# WTB Youth Guitar



## randtx (Mar 31, 2011)

I posted this in the classifieds but thought it might get more exposure here. My 7 year old son is wanting to take guitar lessons. We went to Guitar Center for a free lesson this past Saturday. He really enjoyed it and is going back this Saturday. They let him use one of the the youth small guitars there. He is wanting an acoustic guitar. Does anybody have a 3/4 size acoustic guitar they are interested in selling? 

Also, do you have any advice for a young one interested in getting started?


----------



## surfspeck (Jun 7, 2006)

Yamaha JR1 Mini Folk Guitar $130.00

I bought one for my daughters about 4 years ago and its awesome.
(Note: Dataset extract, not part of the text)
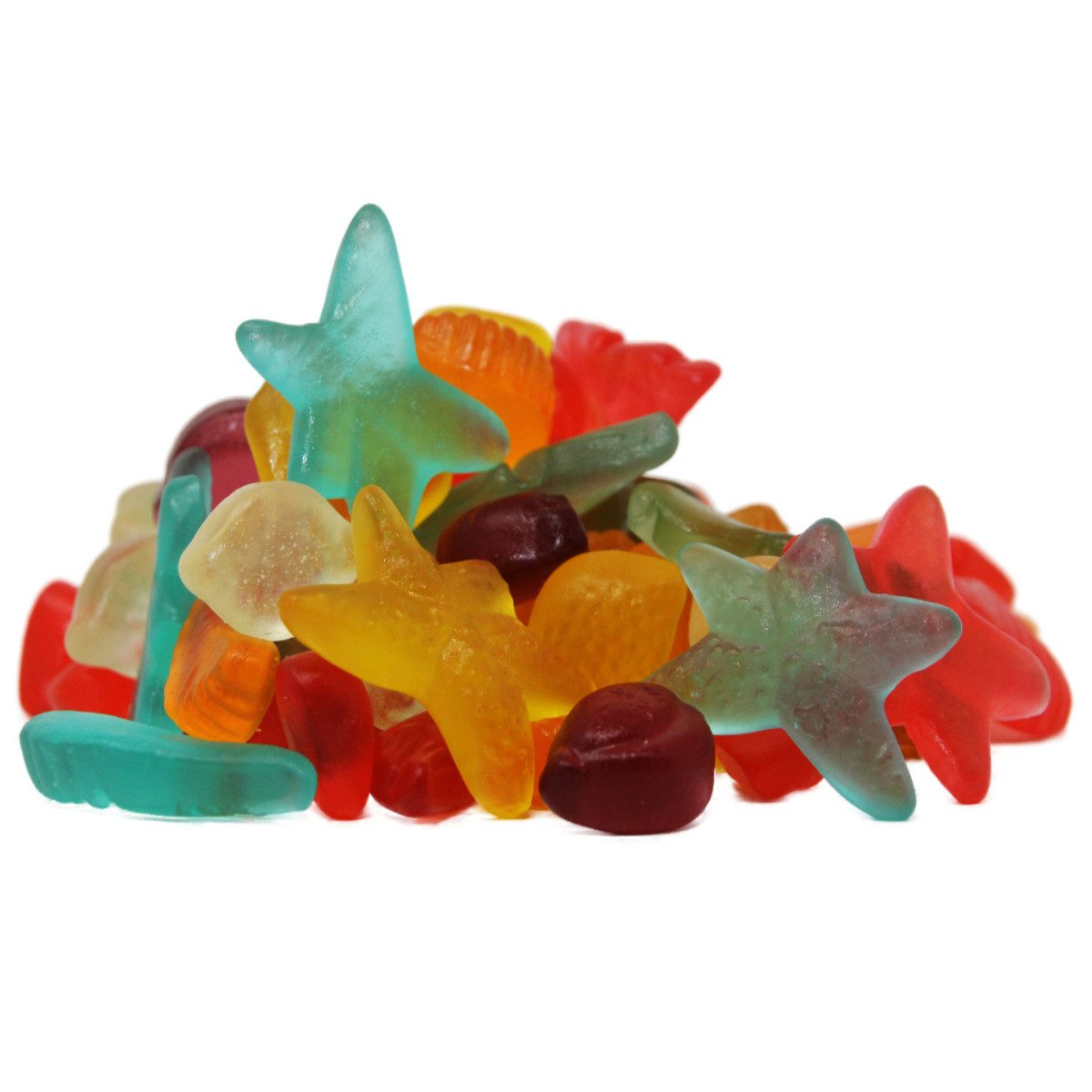Zutaten: Maltitsirup, Gelatine, Wasser, Säuerungsmittel: Zitronensäure, Aroma, Überzugsmittel: Öl pflanzlich, Carnaubawachs, Farbstoff ( kann enthalten sein ) Karmin, Brillantblau FCF, Chlorophylle, Ammoniak - Zuckerkulör, Brilliantschwarz BN, Pflanzenkohle, Lutein, Steviolglycoside.
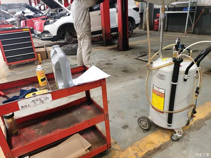 师傅正在更换机油,我就在旁边学习一下

They never took and interest. Im thinking my youngest will pick it up later, shes learning violin now for the last 7 months and is showing some natural ear and ability just like her dad.

Quality, scaled down, wont break the bank.

I now keep it under the coffee table in the living room and I play it all the time when Im watching tv.

http://www.guitarcenter.com/Yamaha-JR1-Mini-Folk-Guitar-100709443-i1146546.gc


----------



## randtx (Mar 31, 2011)

Thanks for the link. I will check it out. We are going back to Guitar Center tomorrow for another free lesson.


----------